Given records ▸
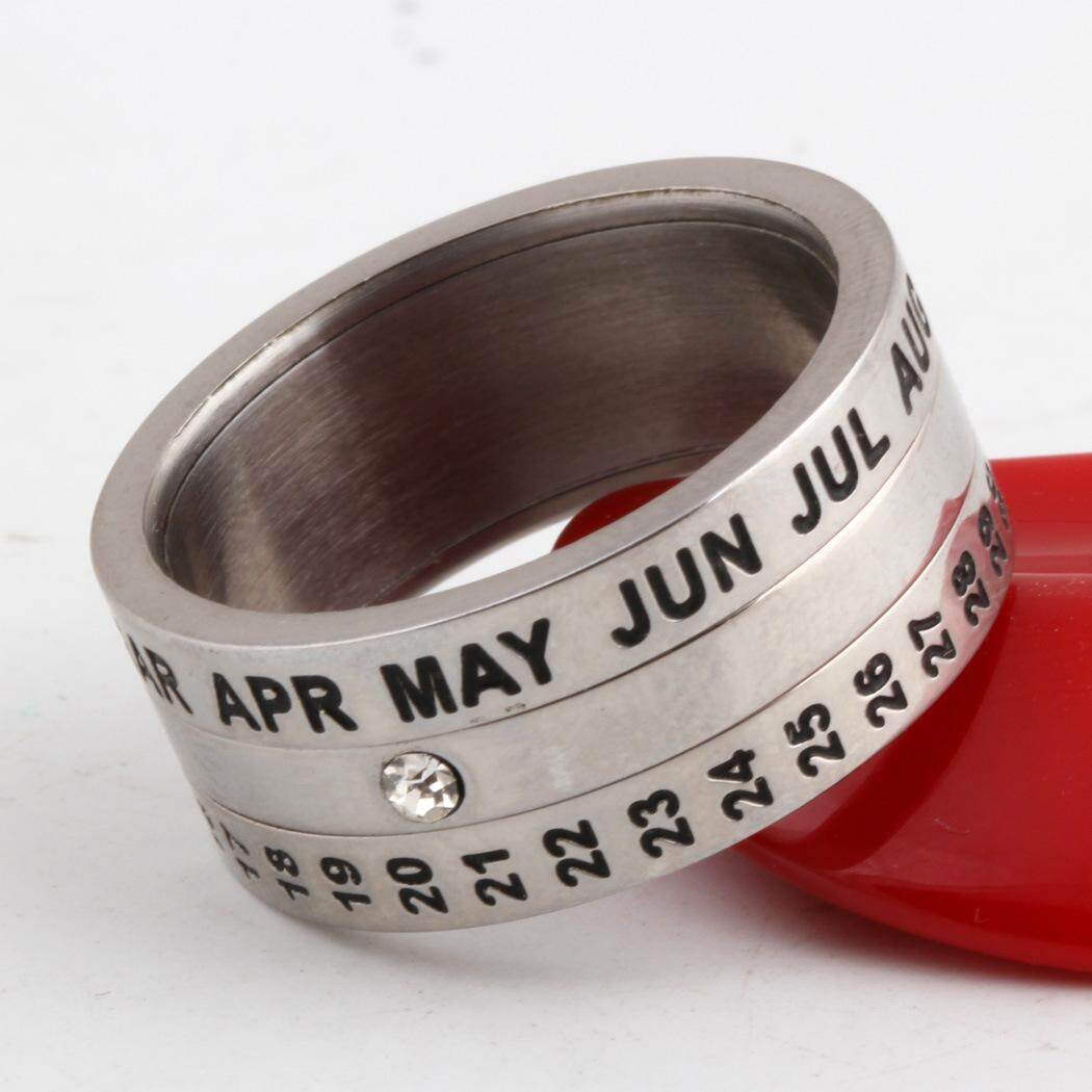 AVECON Rotatable calendar stainless steel ring fashion ring index finger titanium steel for men size 7-12
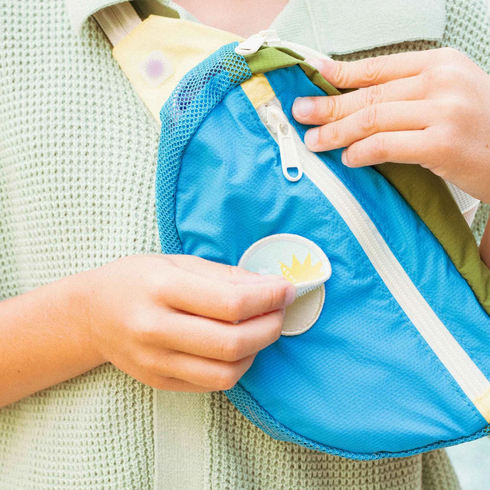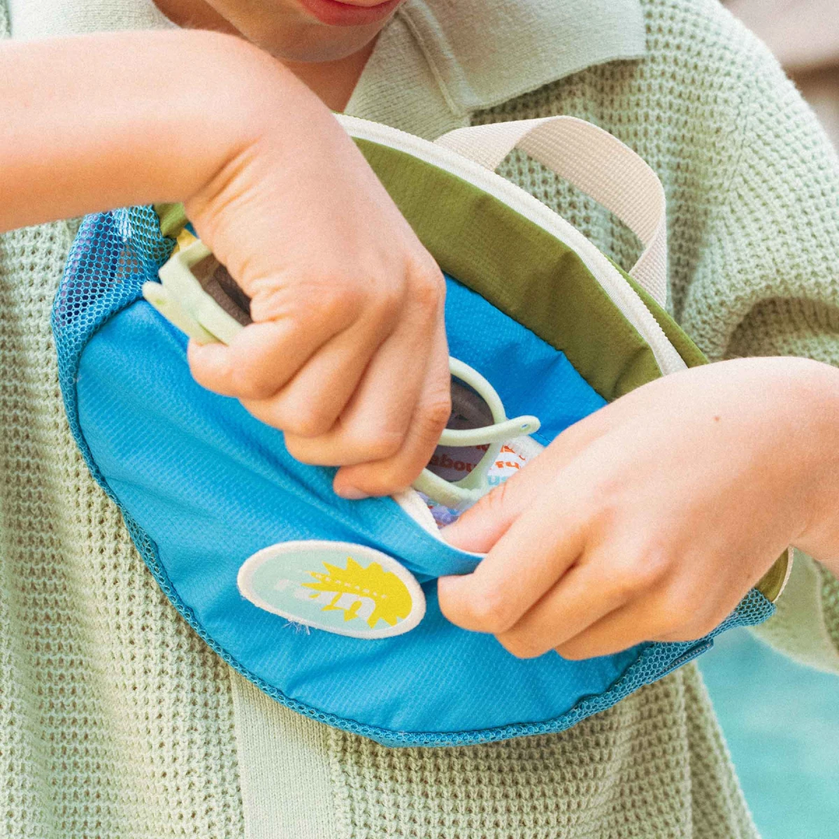 Hlavní kapsa ledvinky je síťovaná, což pomáhá odvádět písek a vlhkost. Uvnitř kapsy se nachází štítek na jméno dítěte, který usnadní identifikaci.
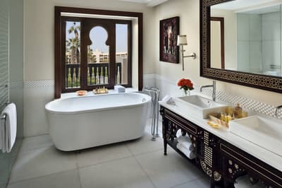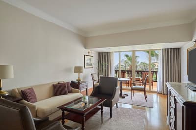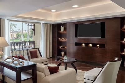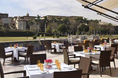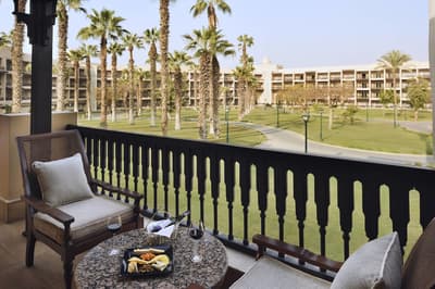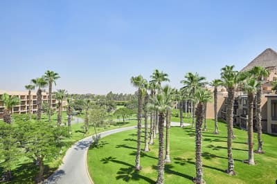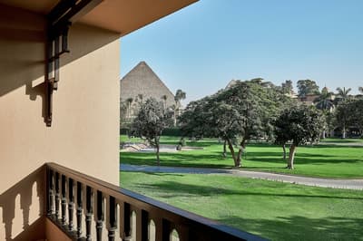 Vous rêviez d’être au bord du Nil ? Pas de chance, vous serez le nez dans le sable, face aux Pyramides ! Un pas de plus et vous atterrissiez dans le lit de Khéops ! Séjourner au Marriott Mena House, c’est traverser le passé. Ici, pas de point vue du 25ème étage, un classique au Caire : 3 suffiront pour en prendre plein les yeux devant l’une des sept merveilles du monde ! Les origines du bâtiment ? C’est l’ancien pavillon de chasse du Khédive Ismaïl Pacha. C’est qui celui-là ? Pour info, c’est le premier vice-roi d’une dynastie devenue héréditaire. En gros, un people du cru ! Depuis 1869, le Marriott Mena House n'a pas cessé de faire la une des journaux égyptiens. Têtes couronnées, politiques influents, VIP faisant la couv de Voici se sont bousculés dans la palmeraie grande comme 22 terrains de foot. Imaginez Winston Churchill fumant son Romeo y Julieta, Messi ou Ronaldinho tapant la baballe ou encore Angela Merkel en voyage officiel ! Malgré une tripotée de transformations dont la dernière date de 2017, et d’agrandissements en tout genre, le Marriott Mena House a su garder son âme. Il faut dire aussi que la déco et les intérieurs plaident coupables : antiquités, meubles artisanaux et œuvres d’art ont trouvé leur place dans la partie ancienne, véritable manifeste de l'art islamique. On croule sous les lustres de cristal et les dorures ! L’aile la plus récente fait honneur à la simplicité. La lumière y sublime tout...
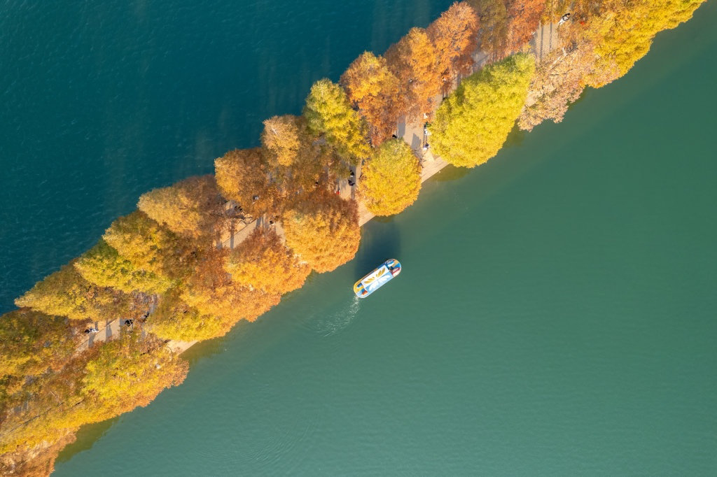 近日,湖南省长沙市烈士公园的水杉树叶渐露金黄,景色如画,吸引市民前来游玩打卡。
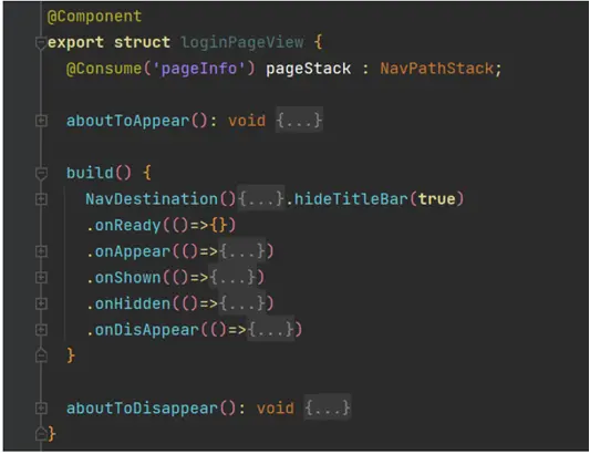 Navigation由NavDestination组件组成页面路由,在实现过程中NavDestination组件会被封装在一个自定义组件中,从而作为一个页面被路由栈使用。当前支持的生命周期函数:aboutToAppear、onReady、onAppear、onShow、onHide、onDisappear、aboutToDisappear 、onWillAppear、onWillDisappear
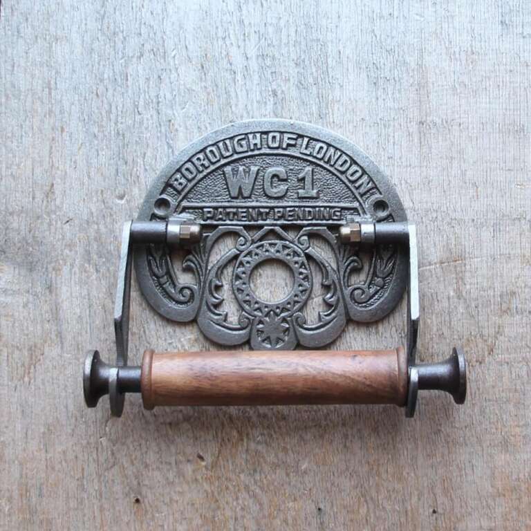 Antique iron colored toilet paper holder. This one is full of intricate details with the inscription borough of London on top and WC1 in big letters. It is made of cast iron, so solid and dependable. The width between the two arms is 5 inches. It is easy to install with two holes for screwing in screws that are included when you order this item. Free shipping is available.
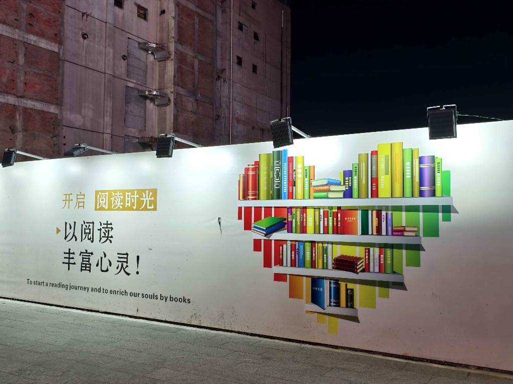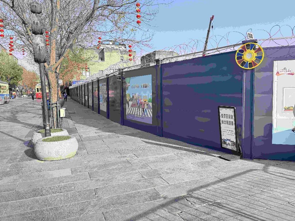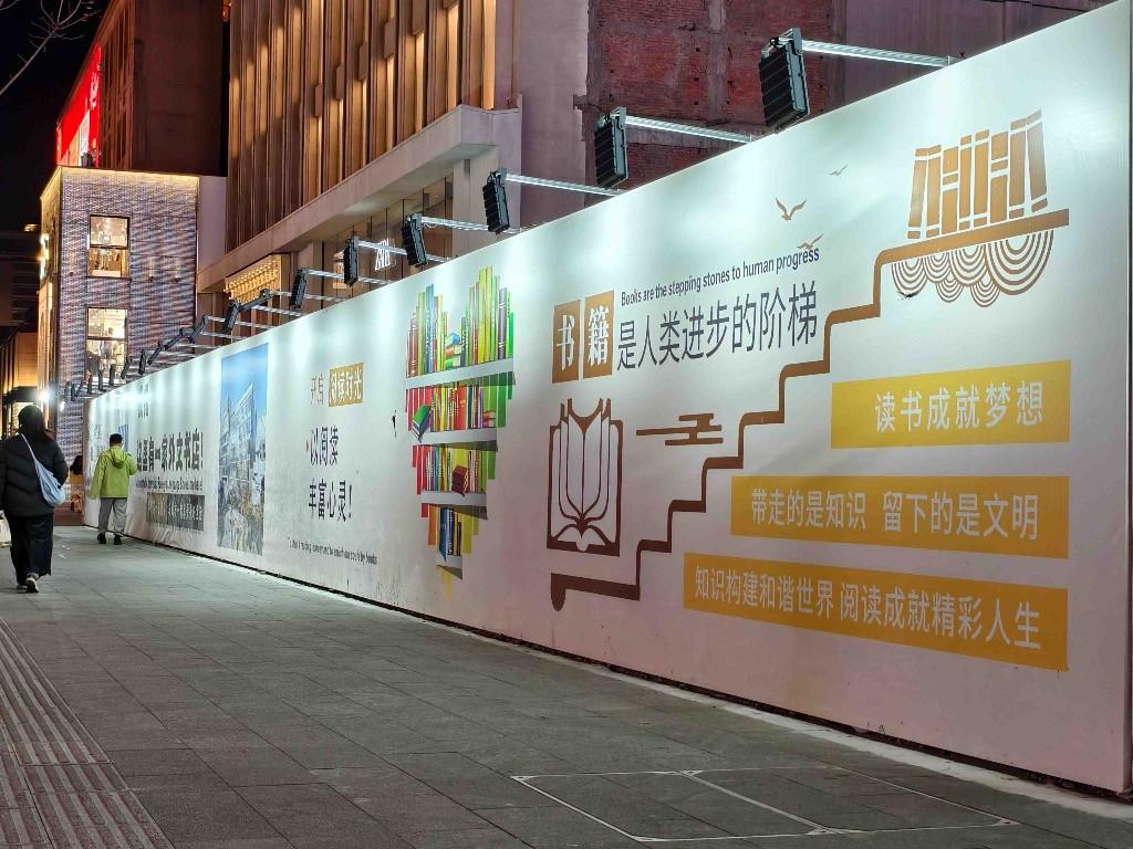 王府井步行街上,外文书店升级改造的围挡化身露天艺术长廊。围挡上的宣传画呼应书店文化底蕴,入夜后灯光亮起,图文在光晕中浮现,既打破施工沉闷感,又以“无间断封闭”特性守护行人安全,为商圈夜色增添诗意。这一设计秉持“安全为基、美观为形”理念,让建设过程成为文化预告,缓解了施工对城市视觉的影响。
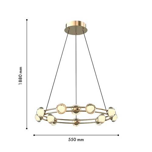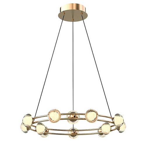 Каркас в цвете гальваническое золото, с тонкими металлическими кольцами и акриловыми рельефными плафонами, внутри которых расположена модуль LED, плафоны расположены как по внешнему, так и по внутреннему периметру кольца.
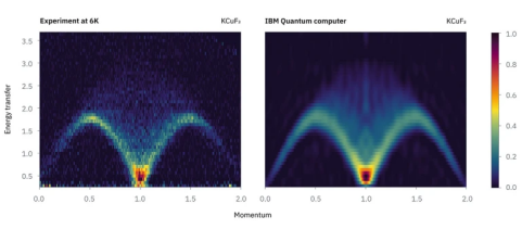 左图为中子散射实验结果,右图为IBM量子计算机辅助模拟该实验的结果。

To do ▸ Look at the listing and set down only the lines from its start through the line with "Hlavní kapsa ledvinky", word for word and without pictures.

Answer space ▸
 AVECON Rotatable calendar stainless steel ring fashion ring index finger titanium steel for men size 7-12
 Hlavní kapsa ledvinky je síťovaná, což pomáhá odvádět písek a vlhkost. Uvnitř kapsy se nachází štítek na jméno dítěte, který usnadní identifikaci.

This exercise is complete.